Zarząd Oddziałowy Niezależnego Samorządnego Związku Zawodowego Funkcjonariuszy Straży Granicznej przy Nadwiślańskim Oddziale SG, zwraca się do polityków rywalizujących o urząd Prezydenta RP, aby odnieśli się do zaprezentowanych problemów środowiska zawodowego Ludzi Munduru.
Funkcjonariuszom i żołnierzom , których przyjęto do służby po 1 stycznia 1999 roku, nie wlicza się do emerytury okresu pracy w cywilu. Kolejne ekipy ignorują ten problem, licząc na to, że mundurowi zapomną, albo… wymrą.
Pojazdy służbowe formacji mundurowych są nieubezpieczone, bo MSWiA uważa, że to jest nieopłacalne. Funkcjonariusz z własnej kieszeni pokrywa szkody, zaistniałe wskutek na przykład pościgu na groźnym bandytą. Czy w resorcie ktoś sobie wyobraża, co się stanie, gdy mundurowi dojdą do wniosku, że ściganie przestępców jest nieopłacalne?
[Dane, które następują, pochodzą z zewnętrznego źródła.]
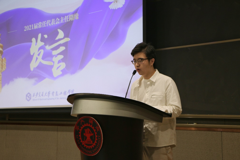 2021届常代会主任隋缘发言,对常代会的架构和基本职能进行了简要的介绍,并指出电气学院研究生常任代表会始终坚持从同学中来,到同学中去,如实反映同学心声,竭力维护同学正当权益,坚持为同学服务的宗旨。其次他对新同学们提出了四点目标和期望,作为电气学院第一届常代会成员,必须勇于承担起“拓荒者”角色,第一要准确把握自身定位,高效高质量完成自身工作;第二要加强组织内部建设,积极探索创新常代会发展方向;第三要明确常代会职能,全心全意为同学服务;第四要发挥桥梁纽带作用,做好学院党委团工委助手。最后隋缘同学表示,在今后的工作中,全体电气常代会成员将凝心聚力,确保各项工作有序高效高质量的开展,更好地服务广大同学,为学院发展贡献出自己的力量。

“Psia emerytura”, czyli miesięczne świadczenie na rzecz psa, który zakończył służbę w formacjach mundurowych, powinna wynosić 300 złotych. Ta kwota wystarczyłaby na karmę i leki dla spracowanych czworonogów. W skali na przykład Straży Granicznej daje to rocznie równowartość jednego radiowozu. Dowódca formacji nie ma odwagi, a minister czeka na ustawę. Ale “Bitwa o wozy” jakoś żadnej ustawy nie potrzebuje.
Kandydacie na Prezydenta, zanim zostaniesz wybrany, jesteś przez nas obserwowany. Rozliczymy cię z twoich słów, tak chętnie rzucanych na prawo i lewo w kampanii wyborczej.
Ludzie Munduru czekają na odpowiedź!